*What you will do:*
Apart from the pictures, write out the records that follow exactly.

(Exercise data Opens)

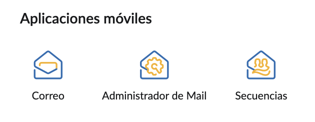 En la sección Perfil de usuario aparecen las aplicaciones de Zoho Mail disponibles para teléfonos celulares. Entre las aplicaciones se incluyen Mail, Mail Admin y Streams. Si hace clic en cada ícono, entrará a la página de la aplicación correspondiente.
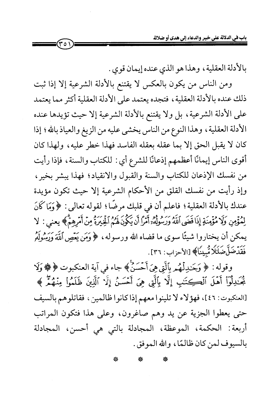 ومن الناس من يكون بالعكس لا يقتنع بالأدلة الشرعية إلا إذا ثبت ذلك عنده بالأدلة العقلية، فتجده يعتمد على الأدلة العقلية أكثر مما يعتمد على الأدلة الشرعية، بل ولا يقتنع بالأدلة الشرعية إي حيث تؤيدها عنده الأدلة العقلية، وهذا النوع من الناس يخشى عليه من الزيغ والعياذ بالله؛ إذا كان لا يقبل الحق إلا بما عقله بعقله الفاسد فهذا خطر عليه، ولهذا كان أقوى الناس إيماناً أعظمهم إذعاناً للشرع أي: للكتاب والسنة، فإذا رأيت من نفسك الإذعان للكتاب والسنة والقبول والاقتياد؛ فهذا يبشر بخير، وإذ رأيت من نفسك القلق من الأحكام الشرعية إلا حيث تكون مؤيدة عنك بالأدلة العقلية؛ فاعلم أن في قلبك مرضاً؛ لقوله تعالى: (وَمَا كَانَ لِمُؤْمِنٍ وَلا مُؤْمِنَةٍ إِذَا قَضَى اللَّهُ وَرَسُولُهُ أَمْراً أَنْ يَكُونَ لَهُمُ الْخِيَرَةُ مِنْ أَمْرِهِمْ) يعني: لا يمكن أن يختاروا شيئاً سوى ما قضاه الله ورسوله، (وَمَنْ يَعْصِ اللَّهَ وَرَسُولَهُ فَقَدْ ضَلَّ ضَلالاً مُبِيناً) (الأحزاب: 36) .
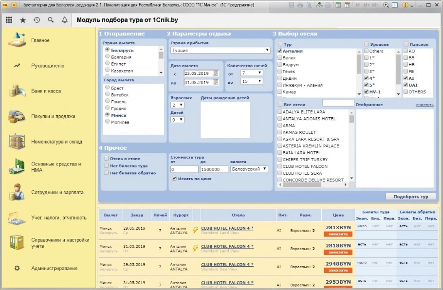 Модуль подбора тура в 1С
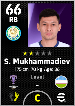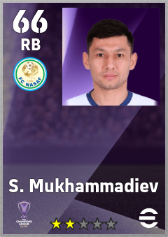 . S. Mukhammadiev is a Right Back footballer from Uzbekistan who plays for Fc Nasaf in eFootball 2026.
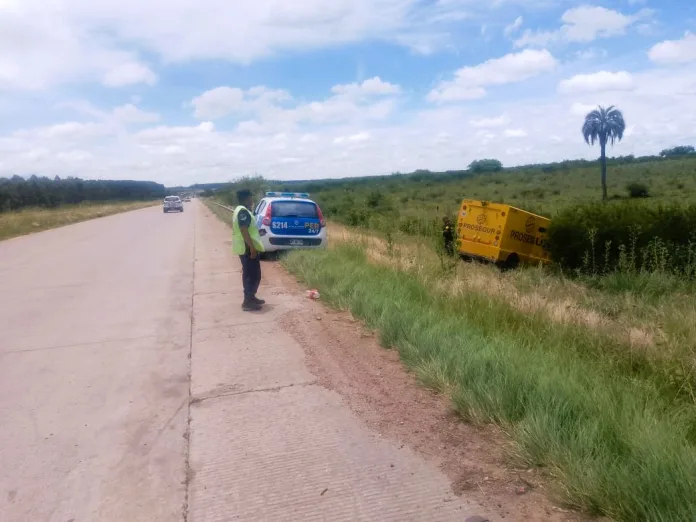 Un camión de caudales de la empresa Prosegur protagonizó un vuelco este mediodía en el kilómetro 182 de la autovía José Gervasio Artigas, cuando circulaba desde Concepción del Uruguay hacia Concordia con tres empleados a bordo, quienes resultaron ilesos a pesar de la gravedad del incidente.
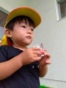 少しの時間園庭に出て過ごしてみると、霧吹きで手を濡らしてあげるとにこっと笑顔が見られます ![]()
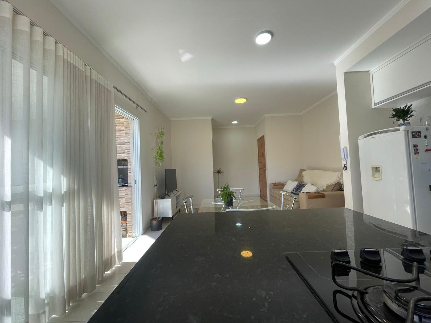 Apartamento tem 2 dormitórios sendo 1 suíte, sala ampla com varanda gourmet com churrasqueira, sacada na suíte, 2 vagas cobertas livres, condomínio e iptu com valor baixo, elevador e câmeras de segurança, armários planejados, banheiros modernos, ampla lavanderia, Sala ampla para 2 ambientes integrada a cozinha e varanda
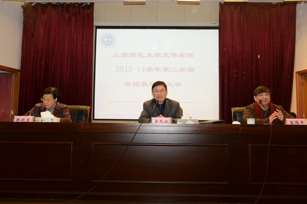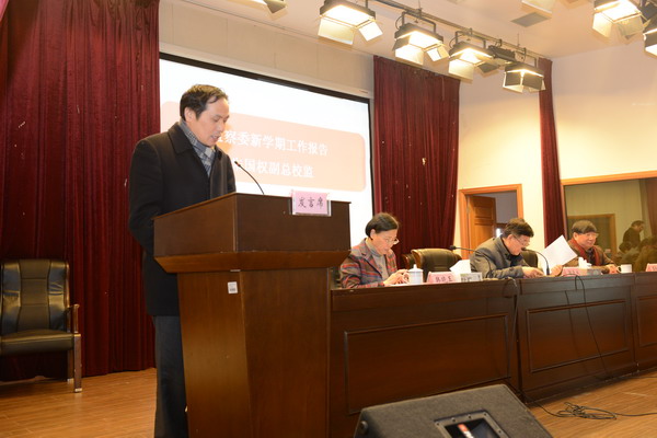 | 2014年2月14日上午9点,学校在明华楼五楼报告厅召开了2013-2014学年度第二学期全校教职工大会。总校监郭天成、校长石伟平、党委书记韩晓玉在主席台就座,全体党政领导干部和教职员工出席会议。总校监郭天成主持会议。 | ||
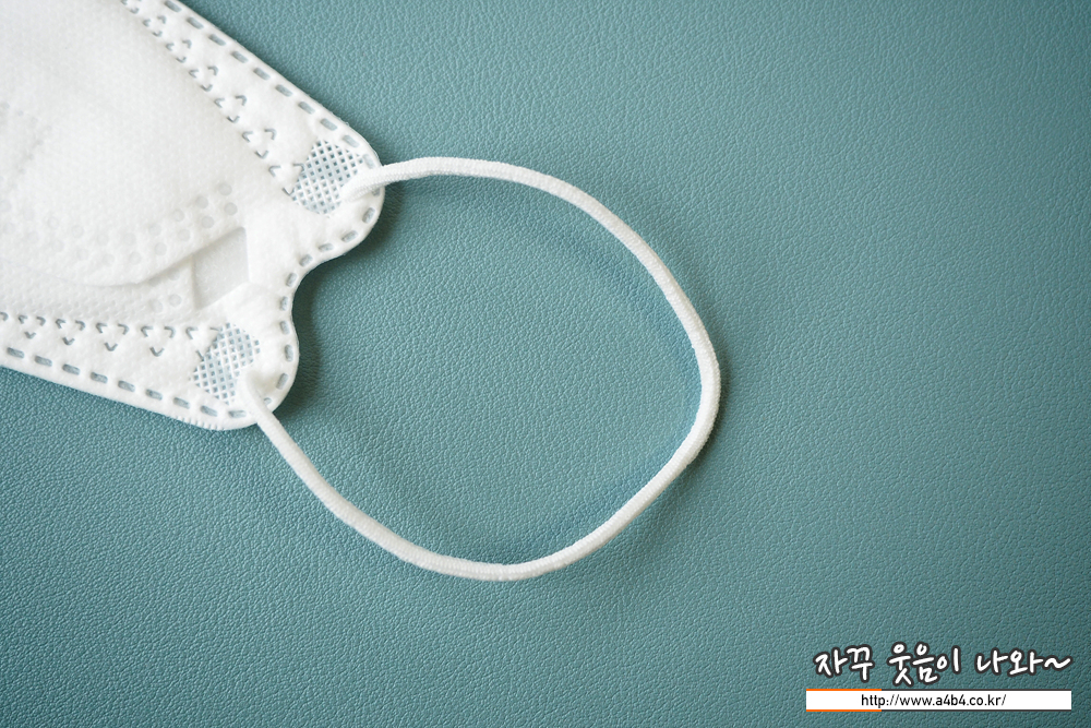 원형의 귀걸이끈은 마스크 후면에 부착되어 있으며, 서울마스크 귀걸이끈 탄성은 잘 늘어나는 조금 약한 타입입니다.
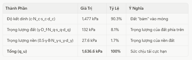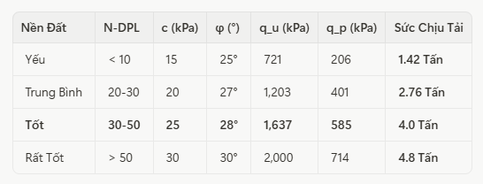 Kết Luận: Độ kết dính của đất là yếu tố chính (90%). Đó là lý do tại sao khảo sát địa chất DPL là bắt buộc – nó xác định độ kết dính, từ đó xác định sức chịu tải thực tế.

(Exercise data Closes)

*Solved problem:*
 En la sección Perfil de usuario aparecen las aplicaciones de Zoho Mail disponibles para teléfonos celulares. Entre las aplicaciones se incluyen Mail, Mail Admin y Streams. Si hace clic en cada ícono, entrará a la página de la aplicación correspondiente.
 ومن الناس من يكون بالعكس لا يقتنع بالأدلة الشرعية إلا إذا ثبت ذلك عنده بالأدلة العقلية، فتجده يعتمد على الأدلة العقلية أكثر مما يعتمد على الأدلة الشرعية، بل ولا يقتنع بالأدلة الشرعية إي حيث تؤيدها عنده الأدلة العقلية، وهذا النوع من الناس يخشى عليه من الزيغ والعياذ بالله؛ إذا كان لا يقبل الحق إلا بما عقله بعقله الفاسد فهذا خطر عليه، ولهذا كان أقوى الناس إيماناً أعظمهم إذعاناً للشرع أي: للكتاب والسنة، فإذا رأيت من نفسك الإذعان للكتاب والسنة والقبول والاقتياد؛ فهذا يبشر بخير، وإذ رأيت من نفسك القلق من الأحكام الشرعية إلا حيث تكون مؤيدة عنك بالأدلة العقلية؛ فاعلم أن في قلبك مرضاً؛ لقوله تعالى: (وَمَا كَانَ لِمُؤْمِنٍ وَلا مُؤْمِنَةٍ إِذَا قَضَى اللَّهُ وَرَسُولُهُ أَمْراً أَنْ يَكُونَ لَهُمُ الْخِيَرَةُ مِنْ أَمْرِهِمْ) يعني: لا يمكن أن يختاروا شيئاً سوى ما قضاه الله ورسوله، (وَمَنْ يَعْصِ اللَّهَ وَرَسُولَهُ فَقَدْ ضَلَّ ضَلالاً مُبِيناً) (الأحزاب: 36) .
 Модуль подбора тура в 1С
 . S. Mukhammadiev is a Right Back footballer from Uzbekistan who plays for Fc Nasaf in eFootball 2026.
 Un camión de caudales de la empresa Prosegur protagonizó un vuelco este mediodía en el kilómetro 182 de la autovía José Gervasio Artigas, cuando circulaba desde Concepción del Uruguay hacia Concordia con tres empleados a bordo, quienes resultaron ilesos a pesar de la gravedad del incidente.
 少しの時間園庭に出て過ごしてみると、霧吹きで手を濡らしてあげるとにこっと笑顔が見られます ![]()
 Apartamento tem 2 dormitórios sendo 1 suíte, sala ampla com varanda gourmet com churrasqueira, sacada na suíte, 2 vagas cobertas livres, condomínio e iptu com valor baixo, elevador e câmeras de segurança, armários planejados, banheiros modernos, ampla lavanderia, Sala ampla para 2 ambientes integrada a cozinha e varanda
 | 2014年2月14日上午9点,学校在明华楼五楼报告厅召开了2013-2014学年度第二学期全校教职工大会。总校监郭天成、校长石伟平、党委书记韩晓玉在主席台就座,全体党政领导干部和教职员工出席会议。总校监郭天成主持会议。 | ||
 원형의 귀걸이끈은 마스크 후면에 부착되어 있으며, 서울마스크 귀걸이끈 탄성은 잘 늘어나는 조금 약한 타입입니다.
 Kết Luận: Độ kết dính của đất là yếu tố chính (90%). Đó là lý do tại sao khảo sát địa chất DPL là bắt buộc – nó xác định độ kết dính, từ đó xác định sức chịu tải thực tế.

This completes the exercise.